● **What you need to do**: Print the records below exactly, starting at the first line and stopping after the line that contains "2. 在市場報價的【交易品種】中右鍵選中一個交易產品,然後點擊【新訂單】。". Leave out any pictures.
§ §
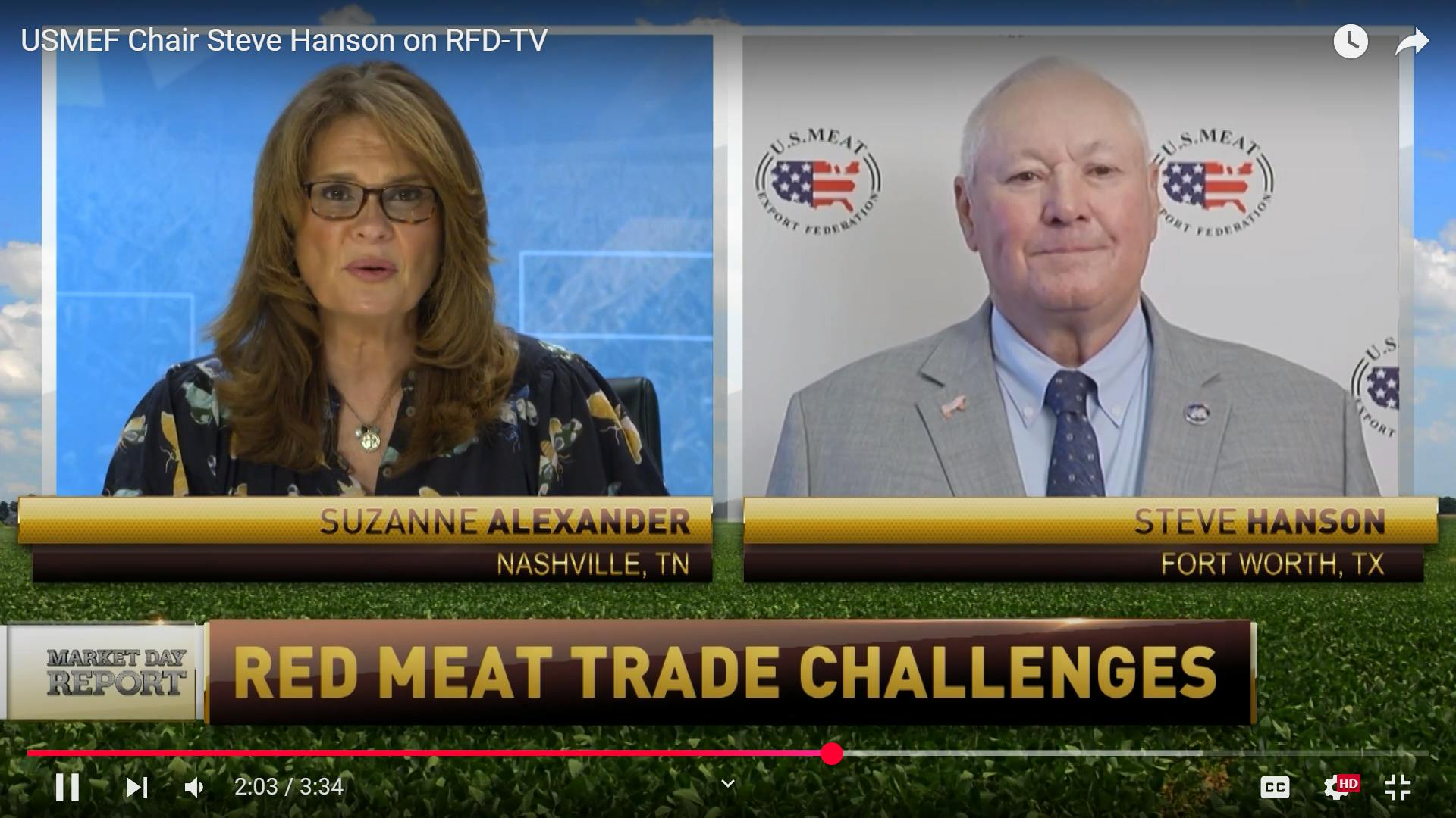 USMEF President and CEO Dan Halstrom spoke with RFD-TV Anchor Suzanne Alexander on how China’s prohibitively high retaliatory duties have effectively halted U.S. pork and beef exports to China. Watch the interview HERE.
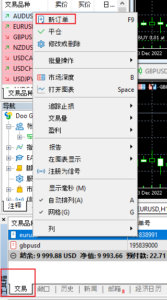 2. 在市場報價的【交易品種】中右鍵選中一個交易產品,然後點擊【新訂單】。
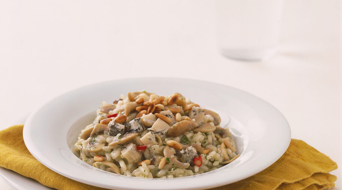 3) Unisci i funghi, il restante gorgonzola tagliato a cubetti, i pinoli tostati e servi ben caldo.
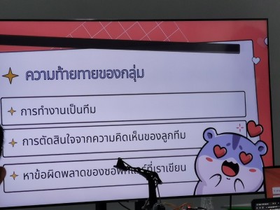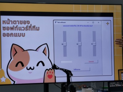 นักเรียนผู้เข้ารับการอบรมนำเสนอผลงานกลุ่ม การโปรแกรมหุ่นยนต์ที่กลุ่มของตนเองคิดค้น
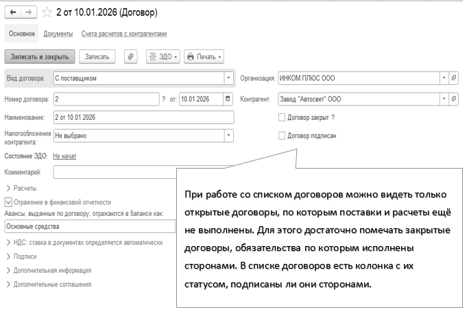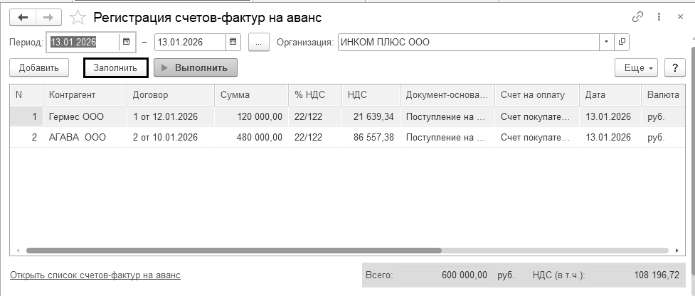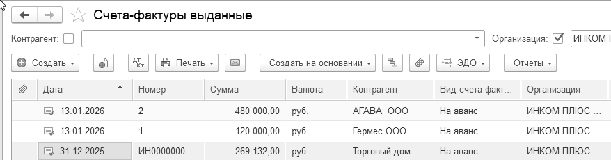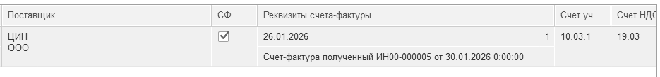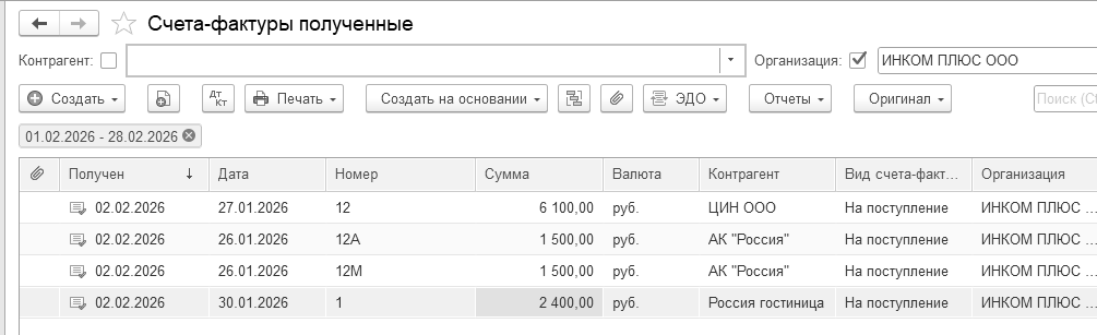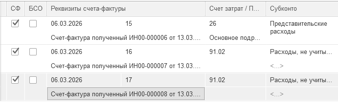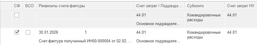 Если аналитика по счету 44.01 в конце строки закладки "Прочее" заполнена не будет (субконто 1 – "Командировочные расходы"), то помощник "Закрытие месяца" счет 44.01 не закроет, и останется остаток на 28.02.2026 года. После проведения авансового отчета в базе зарегистрируются четыре счета-фактуры, которые сделают проводки по принятию НДС к вычету (рис. 6.1.9):
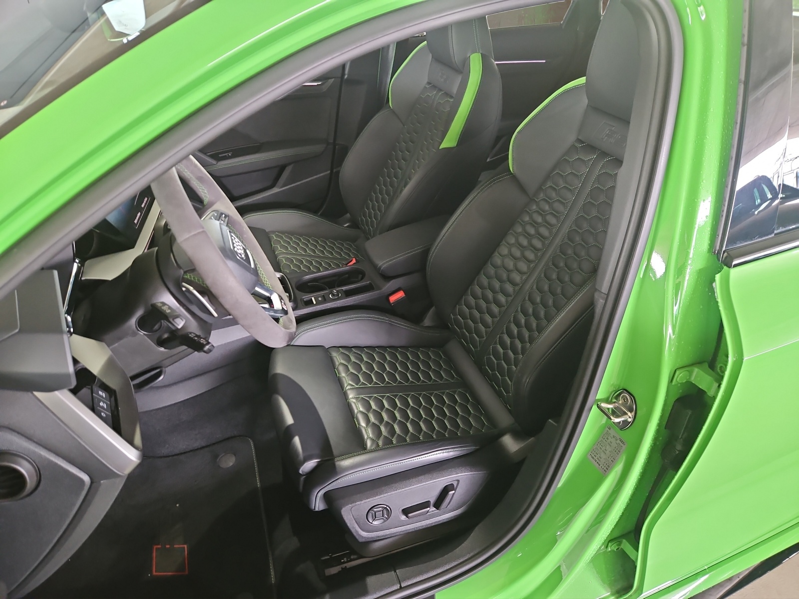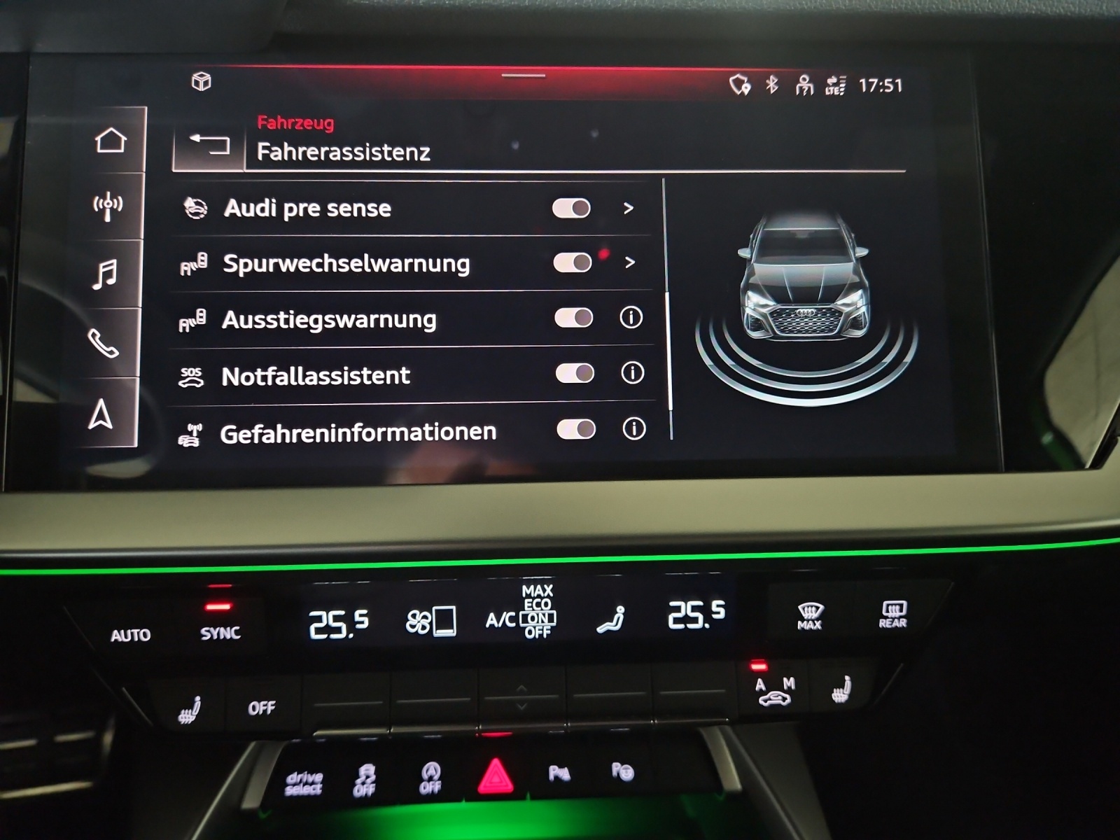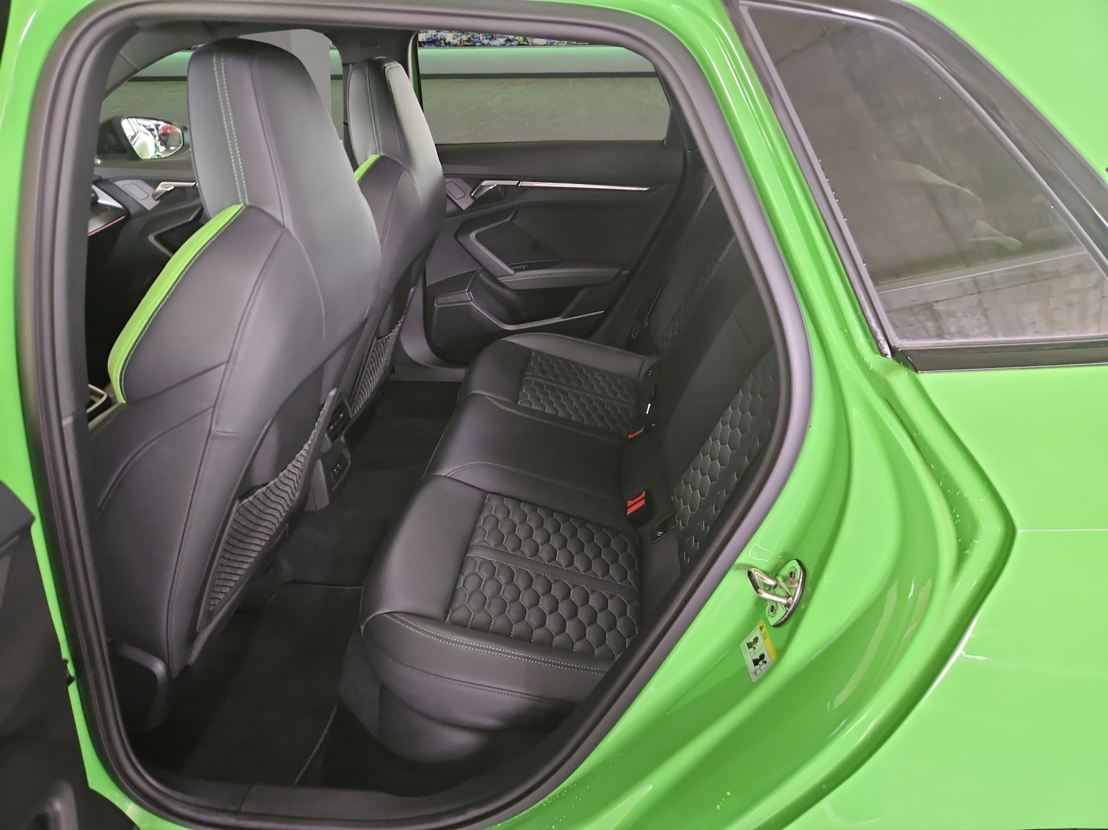 Assist: Adaptiver Geschwindigkeitsassistent Assist: Audi pre sense basic Assist: Spurwechselwarnung mit Ausstiegswarnung und Querverkehrassistent hinten Fahrwerk: Adaptives Fahrwerk mit Audi drive select Fahrwerk: RS-Bremsanlage mit Bremssätteln rot Frontscheibe in Wärmeschutzverglasung Innenspiegel automatisch abblendend, rahmenlos Komfortschlüssel ohne Safelock Lenkrad: Lederlenkrad im 3-Speichen-Design mit Multifunktion plus und Schaltwippen Licht: Abgedunkelte Matrix LED-Scheinwerfer mit dynamischem Blinklicht Media: Audi Smartphone Interface Media: Audi connect Navigation & Infotainment plus Media: USB-Anschlüsse mit Ladefunktion im Fond Paket: Assistenzpaket mit MMI Navigation plus Paket: Optikpaket schwarz plus mit Singleframe in Wagenfarbe Privacy-Verglasung (Scheiben abgedunkelt) RS-Exterieurumfänge in schwarz glänzend Räder: Räder, 5-Y-Speichen, schwarz mit Grafikdruck Sitze: 4-Wege-Lendenwirbelstütze für die Vordersitze Sitze: Fahrersitz elektrisch verstellbar Türen: Komfortöffnung Gepäckraumklappe
§ §
● **Solution below**:
 USMEF President and CEO Dan Halstrom spoke with RFD-TV Anchor Suzanne Alexander on how China’s prohibitively high retaliatory duties have effectively halted U.S. pork and beef exports to China. Watch the interview HERE.
 2. 在市場報價的【交易品種】中右鍵選中一個交易產品,然後點擊【新訂單】。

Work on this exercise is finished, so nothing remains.